Thursday, May 22, 2008

New Orleans Through the Restaurant Business

Yesterday, I accompanied Robin Barnes, Seedco Director, to visit various restaurant owners in New Orleans to explore issues surrounding rebuilding the service industry – including issues regarding H2B visa workers and the spirit of the New Orleans people.

Palace CafĂ© – Dickie Brennan

Our first stop was with Dickie Brennan and his management staff. Mr. Brennan owns several large and established restaurants in New Orleans, and he has recently begun hiring staff on H2B visas. After the storm, 53 out of his 55 management staff chose to come back and rebuild the restaurants. However, he found the process to be very difficult because he did not have enough employees to staff all his restaurants (especially in the front of the house). He realized that the restaurant business is seasonal, with the high season being between September to June and the low season during the summer. Mr. Brennan realized that the length of the visa perfectly fits his restaurant business and decided to participate in the program. They hired 15 people the first year, 22 two the second year, and 50 this year. They project to hire about 60 workers this year. They have hosted workers from Croatia, South America, and the Philippines.

Mr. Brennan and his company are known for treating those on H2B visas especially well. They welcome them to the city by helping them find housing, giving care/ welcome packages, and providing meals. They are pleased with the “ripple effect” of the program because the American staff members are learning so much from the foreign workers. According to a staff survey, they found out that 99.9% of the workers want to return and continue to work for Mr. Brennan’s restaurants.

However, the visa program is not without flaws. Currently, there are concerns that the government will be cutting back on H2B visas. There is also concern about balancing issuing H2B visas and hiring domestic workers. New Orleans government leaders want to ensure that locals have jobs, but at the same time if there are not enough individuals to meet the demand, they also want to invite foreign workers to fill in the vacant jobs.

Loretta’s Pralines

Loretta has been making pralines for 28 years, and she got her recipe from her mother. She initially took sold the candy at LSU and then later at the Jazz Festival. She was located at her “warehouse store” for 15 years, and she has not been able to sell their pralines in the French Quarter since the storm. She initially had 15 employees before the storm, but now she only has 3 employees. Many employees decided not to come back.

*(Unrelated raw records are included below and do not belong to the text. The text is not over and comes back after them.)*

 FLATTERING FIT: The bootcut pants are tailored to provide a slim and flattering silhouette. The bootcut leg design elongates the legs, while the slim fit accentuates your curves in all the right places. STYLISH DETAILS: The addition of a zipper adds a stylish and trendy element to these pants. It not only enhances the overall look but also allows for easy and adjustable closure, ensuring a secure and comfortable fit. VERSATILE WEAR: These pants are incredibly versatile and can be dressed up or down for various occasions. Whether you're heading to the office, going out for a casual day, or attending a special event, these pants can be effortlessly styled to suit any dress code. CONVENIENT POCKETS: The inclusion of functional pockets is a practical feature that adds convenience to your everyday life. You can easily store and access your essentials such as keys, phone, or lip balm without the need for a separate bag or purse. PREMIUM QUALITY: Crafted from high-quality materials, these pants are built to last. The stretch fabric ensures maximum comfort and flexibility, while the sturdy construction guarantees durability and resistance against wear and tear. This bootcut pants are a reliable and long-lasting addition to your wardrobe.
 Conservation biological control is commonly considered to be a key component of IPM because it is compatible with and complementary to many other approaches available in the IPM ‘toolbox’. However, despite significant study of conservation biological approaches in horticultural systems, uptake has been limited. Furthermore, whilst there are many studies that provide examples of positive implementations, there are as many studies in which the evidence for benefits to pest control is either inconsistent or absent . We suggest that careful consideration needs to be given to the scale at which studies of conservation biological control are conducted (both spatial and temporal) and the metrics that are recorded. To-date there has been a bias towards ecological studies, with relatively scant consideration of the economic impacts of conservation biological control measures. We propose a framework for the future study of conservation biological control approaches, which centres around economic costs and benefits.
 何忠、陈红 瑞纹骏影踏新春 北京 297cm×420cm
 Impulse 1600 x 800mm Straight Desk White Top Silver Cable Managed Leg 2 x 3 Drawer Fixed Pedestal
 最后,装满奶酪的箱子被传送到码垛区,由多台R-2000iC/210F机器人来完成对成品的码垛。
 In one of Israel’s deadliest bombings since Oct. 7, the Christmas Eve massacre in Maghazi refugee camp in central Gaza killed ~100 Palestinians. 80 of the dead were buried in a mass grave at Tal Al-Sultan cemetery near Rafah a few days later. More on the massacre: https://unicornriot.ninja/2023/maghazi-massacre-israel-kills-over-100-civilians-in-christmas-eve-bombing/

After the storm, people were looking for places to eat since no restaurants were open. People were asking her about opening for breakfast and lunch, and she begun providing those meals. She learned to adjust and change according to the needs of the time. Later, the demand of the restaurant decreased and she decided to only host lunch on Fridays.

Dukey Chase

Our last stop was at Dukey Chase – a famed New Orleans African American eatery. It’s a place where you would take your date. I got to try my first gumbo made by Mrs. Chase. The restaurant was beautiful and decorated with African American artwork. It’s definitely one of those community places where you could feel the New Orleans spirit.